Xu Zhichao, Choi Jaihee, Sun Ryan
Department of Biostatistics, The University of Texas MD Anderson Cancer Center, 7007 Bertner Avenue, Houston, 77030, Texas, USA.
Department of Statistics, Rice University, 6100 Main St., Houston, 77030, Texas, USA.
Stat Biosci. 2024 Jul 13. doi: 10.1007/s12561-024-09448-3.
Over the past decade, massive genetic compendiums such as the UK Biobank have gathered extensive genetic and phenotypic data that hold the potential to provide unparalleled insight into the genetic etiologies of various complex diseases. However, much of the disease information is collected as time-to-event outcomes in interval-censored form, and conventional tools for genetic association analysis are often not available for this type of data. For example, set-based inference for common and rare variants analysis is a fundamental investigation in germline genetics studies, but there is a lack of approaches that can perform set-based testing when the interval-censored outcome of interest is subject to the competing risk of another event. To address the need, this work proposes two set-based inference procedures for interval-censored data with competing risks, applicable to rare variants and general genotype sets as well. The interval-censored competing risks sequence kernel association test (crSKAT) is a variance components approach that is powerful when genetic variants in a set demonstrate heterogeneous signals. The interval-censored competing risks Burden (crBurden) test is more powerful when variant signals are homogeneous.

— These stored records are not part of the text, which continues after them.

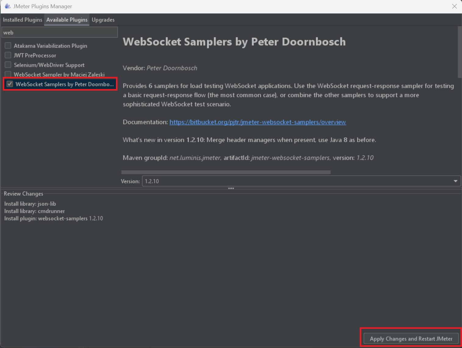 5. JMeter Plugins Manager > Available Plugins 탭에서 WebSocket Samplers by Peter Doornbosch 다운
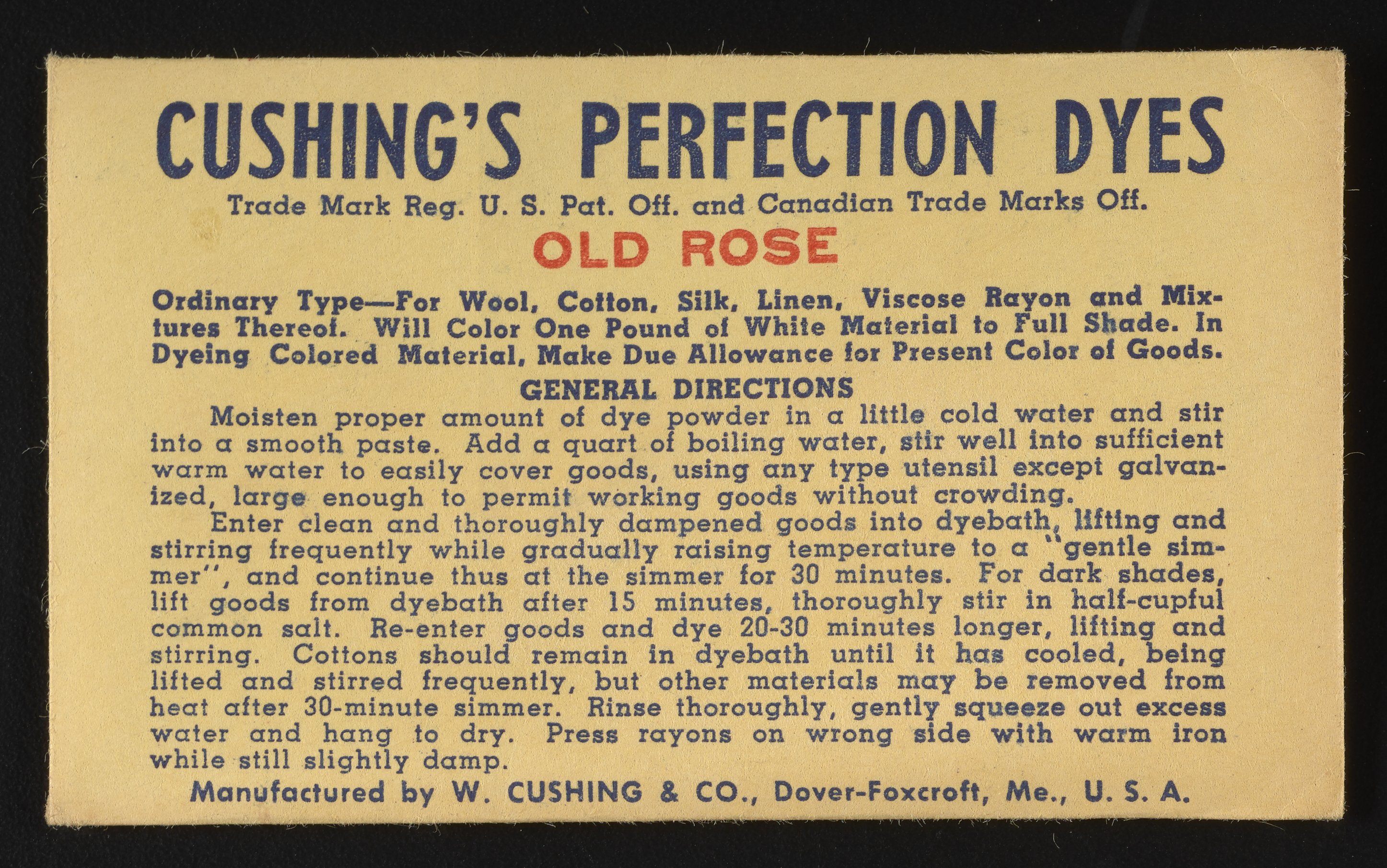 “Cushing's Perfection Dyes Set.” Paper (fiber product), n.d. Science History Institute. Philadelphia. https://digital.sciencehistory.org/works/0r9673780.
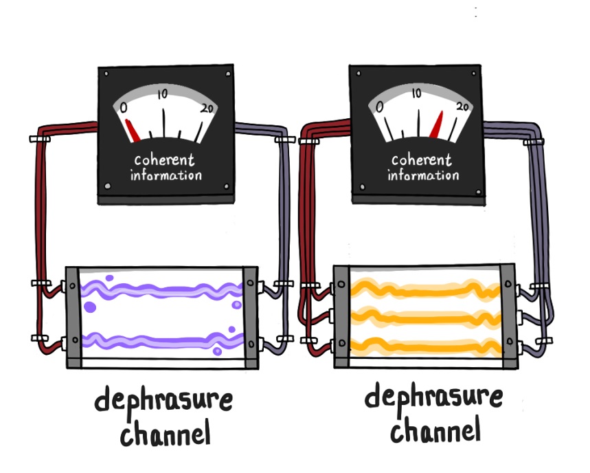 所谓不可加性就好比一个人的左耳和右耳都听不到声音,但把两只耳朵一起用时,却能够听得十分清楚。量子信道容量的不可加性虽然在理论上已经有了充分的研究,但是要在实验上观测到“不可加”的现象却是十分困难的。因为在常见的量子信道中,不可加性的效应十分微弱,难以实验观测。为了能实际观测到这一现象,李传锋研究组在实验上构建了一种同时具有“退相”和“擦除”性质的量子信道,即“退相并擦除”(dephrasure)量子信道,首次明显且直接地观测到了量子容量中相干信息的不可加性。在实验中,研究人员搭建了一套具有n次复用能力的量子信道(n-fold quantum channel)。相干信息的不可加性在实验中就体现在使用两条具有单次复用能力的信道下测得的相干信息,并不等于使用一条具有双重复用信道的相干信息。同时,研究人员还发现,在使用双重和三重复用的信道时,其相干信息与在使用单重复用信道下测得的结果存在着明显的差值:在单重复用信道下测得相干信息量为零的情况下,双重和三重复用信道下的相干信息依旧存在。这就证明了量子相干信息的不可加性。
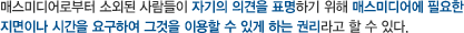 Çѱ¹ÀÇ ÆÛºí¸¯ ¾×¼¼½º´Â ±× ¿ª»ç°¡ ªÁö¸¸, ±×µ¿¾È ¿ì¸® »çȸÀÇ ±×´ÃÁø °÷, ¼Ò¿ÜµÈ »ç¶÷µéÀÇ ¸ñ¼Ò¸®°¡ ¼ÒÅëµÉ ¼ö ÀÖ´Â Áß¿äÇÑ °ø°£À¸·Î ÀÚ¸®¸Å±èÇϰí ÀÖ½À´Ï´Ù. ¹°·Ð ¿©ÀüÈ÷ ¸¹Àº »ç¶÷µéÀÌ ÀڽŵéÀÇ ¹Ìµð¾î¿¡ Âü¿©ÇÒ ¼ö ÀÖ´Â ÆÛºí¸¯ ¾×¼¼½º ±Ç¸®°¡ ÀÖ´Ù´Â °ÍÀ» ¸ð¸£°í ÀÖ½À´Ï´Ù. ¼³·É ÆÛºí¸¯ ¾×¼¼½º¸¦ ¾Ë°í ÀÖ´õ¶óµµ Àåºñµµ ¾ø°í ¹Ìµð¾î±³À°À» ¹ÞÁö ¸øÇÏ¿© ¿©ÀüÈ÷ ¹Ìµð¾î¿¡ Á¢±ÙÇÏÁö ¸øÇÏ´Â °æ¿ìµµ ¸¹½À´Ï´Ù. °æÁ¦ÀûÀÎ ÀÌÀ¯·Î ¹Ìµð¾î¿¡ Á¢±ÙÇϰí Âü¿©ÇÒ ¼ö ÀÖ´Â ±Ç¸®°¡ Á¦ÇѵÇÁö ¾Êµµ·Ï ÆÛºí¸¯ ¾×¼¼½º ÇϰíÀÚ ÇÏ´Â »ç¶÷µéÀ» À§ÇØ ±âÀÚÀç¿Í ±³À°À» ¹ÞÀ» ¼ö ÀÖ´Â ±âȸ°¡ Á¦°øµÇ¾î¾ß ÇÕ´Ï´Ù.
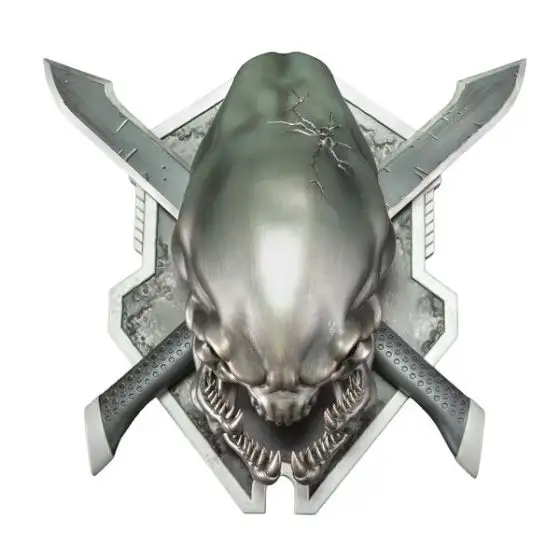 Depicting a bullet-scarred Elite skull on crossed combat knives, this wall mount measures
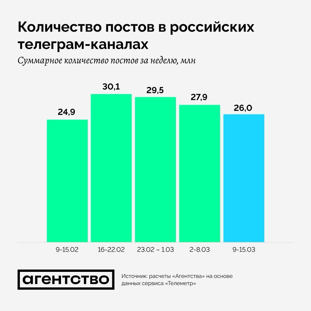 Усиление блокировок Telegram сказалось на его аудиторных показателях, свидетельствуют данные сервиса Telemetr, предоставленные «Агентству». После субботы, когда начались массовые жалобы на работу сервиса, совокупное число просмотров сократилось на 20−25%.

Simulation studies show the superiority of the newly developed methods in comparison to ad-hoc alternatives, as evidenced by their ability to control the type I error rate and to improve power. The proposed tests are applied to the UK Biobank to search for genes associated with fracture risk while accounting for death as a competing outcome.
在过去十年中,诸如英国生物银行这样的大规模基因数据集已经收集了广泛的基因和表型数据,这些数据有可能为各种复杂疾病的遗传病因提供前所未有的见解。然而,许多疾病信息是以区间删失形式的事件发生时间结局来收集的,而传统的基因关联分析工具通常不适用于这类数据。例如,对常见和罕见变异分析的基于集合的推断是种系遗传学研究中的一项基本调查,但当感兴趣的区间删失结局受到另一事件的竞争风险影响时,缺乏能够进行基于集合检验的方法。为满足这一需求,这项工作提出了两种针对具有竞争风险的区间删失数据的基于集合的推断程序,它们也适用于罕见变异和一般基因型集合。区间删失竞争风险序列核关联检验(crSKAT)是一种方差成分方法,当集合中的基因变异表现出异质信号时,它具有强大的功效。区间删失竞争风险负担(crBurden)检验在变异信号同质时功效更强。模拟研究表明,与临时替代方法相比,新开发的方法具有优越性,这体现在它们能够控制I型错误率并提高功效。所提出的检验方法应用于英国生物银行,以寻找与骨折风险相关的基因,同时将死亡作为竞争结局加以考虑。